We were lazing on the rim of a tank with a great tower in a university with Mn, ekanetra and ST. Mn remarked that he has great admiration for some mlechCha scientists and bloggers, who not only wrote on science but also such a wide range of “general issues” including social, artistic and cultural ones. He then showed us some samples of their writings on his smart phone and remarked that most of us bhArata-s are so narrow-gauge in our focus on science or technology. Should we not be inspired by these scientists/bloggers and emulate them in presenting a broader intellectual vision to include social and cultural issues rather than just science. Here, we must point out that even though ancestors of all four of us (including some common ones) were agnichit-s, the smoke from whose altars rose to the high antarikSha, Mn was one who had deliberately expunged this knowledge from his head. He had so soaked up the ways of his occidental teachers that he recently declared that he felt about the same affinity for Sanskrit as he felt for Urdu or Latin, and in any case it was way below what he felt for French, German or English. Given all of this, it was not a big surprise to the rest of us that his range of “general issues” were purely those defined by what the occidental professors allowed to be a part of the broader discourse [Note they feel certain matters are largely out of bounds]. The acceptance of this “spectrum of transmission” defined by them is verily one of the signs of the end of the intellectual tradition of heathenism in the west and the presence of the heavy hand of its enemies in the subcontinent. A man of brAhmaNa descent had forgotten that in bhArata we always respected the sarva-shAstra-vit and did not place boundaries in our acquisition of knowledge.

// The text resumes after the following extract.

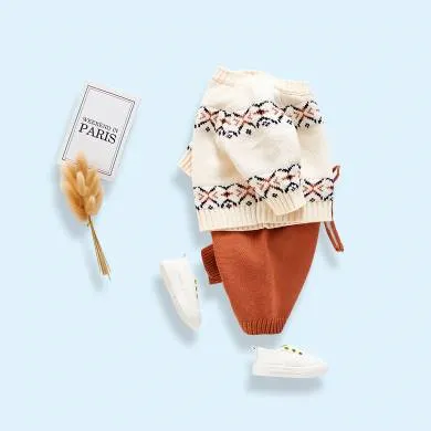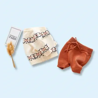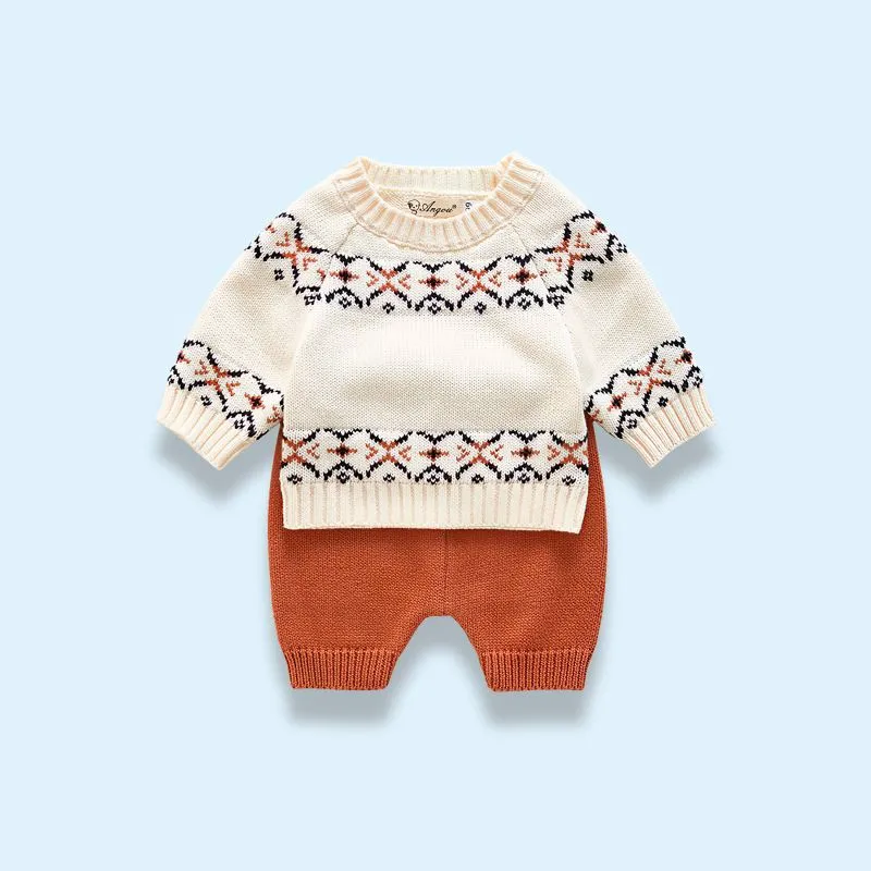 Conjunto de bebé en 2 piezas, fabricado en hilo de algodón, cuello redondo, manga larga.

Footnote 1: Gemistos Plethon->Bessarion->Argyropoulos (and others of the revived Neoplatonic school)->Leonardo da Vinci
Footnote 2: The Corybantes are also mentioned by Plato as participating in an ecstatic dance as part of the retinue of Rhea. Rhea is an ortholog of the Indo-Aryan goddess aditI. It is possible that the fleetingly alluded yati-s in RV 10.72.7 in the company of aditI are cognates of the Corybantes. Plethon placed great importance on the teachings of the Corybantes in the ancient temple of Zeus as one of the original teachings of the pan-heathen tradition.

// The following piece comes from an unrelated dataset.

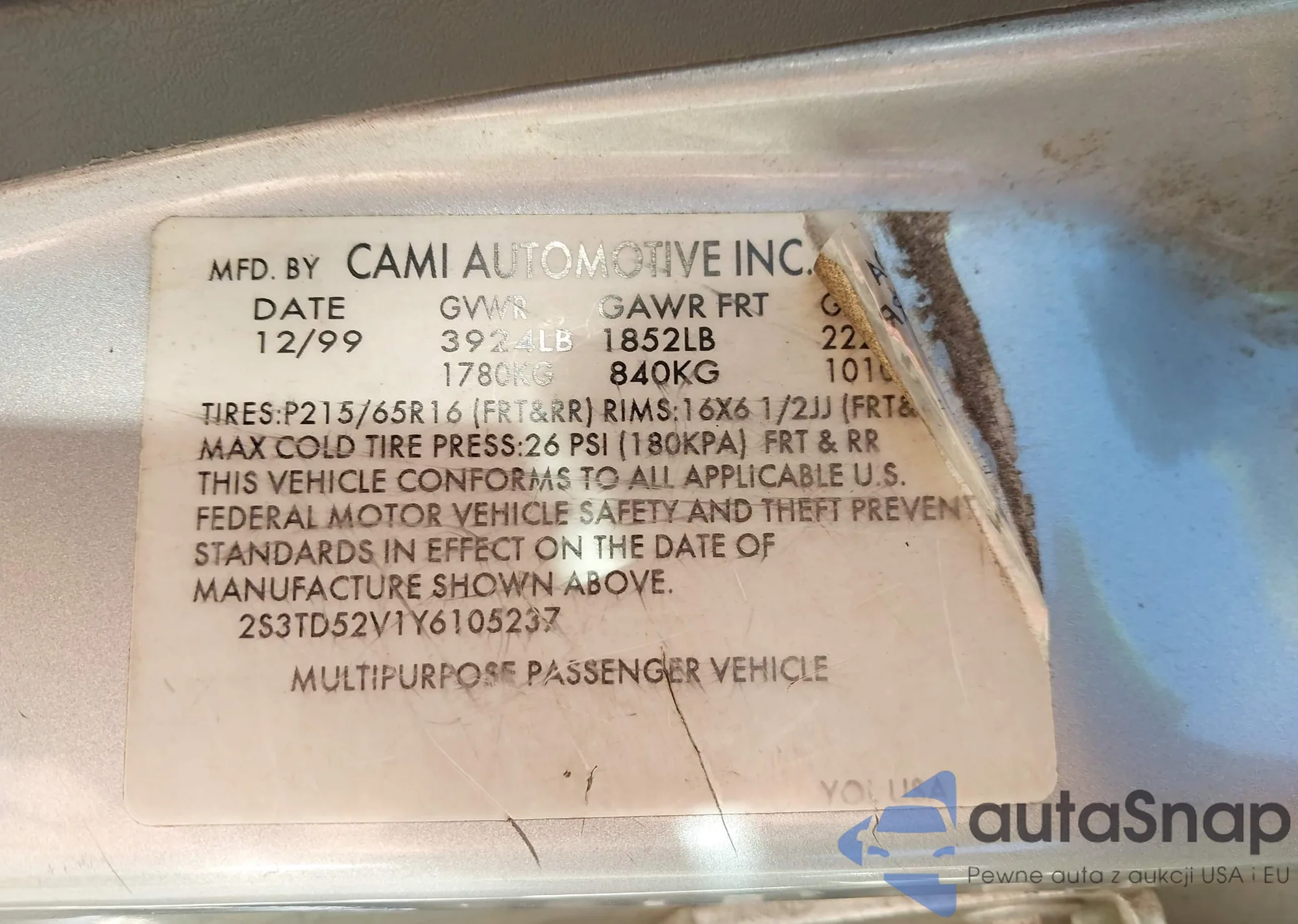 • VIN 2S3TD52V1Y6105237

Footnote 3: Indeed the earliest surviving expression of this is seen in the mantra of gR^itsamada shaunahotra:
tisro bhUmIr dhArayan trInr uta dyUn trINi vratA vidathe antar eShAm |
R^itenAdityA mahi vo mahitvaM tad aryaman varuNa mitra chAru || (RV 2.27.8)

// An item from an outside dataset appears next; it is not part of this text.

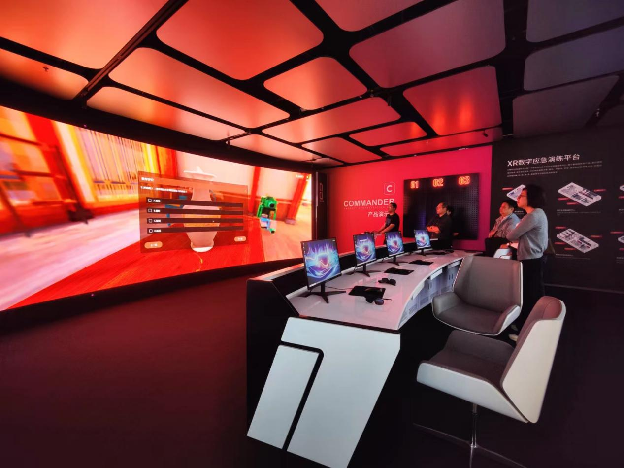牟海荣一行首先参观了曼恒数字的XR数字应急演练平台、VR行业解决方案和VR游戏产品展示区域,并进行了新能源汽车维修虚拟仿真沉浸式体验。

They uphold three earths and the three heavens; triadic are their functions in the assembly [of deva-s]. The might of the Aditya-s seen in the form of the R^ita, pleasing is that might of yours, aryaman, varuNa, and mitra.
Footnote 4: One could say that we are in a state of weakness, but let us not forget the wisdom of one our heroes in the struggle against Islam, the founder of the mahArATTa empire, who called for strikes deep in the Moslem territories even as they were prosecuting the Jihad with much violence in his own land. That is what brings victory.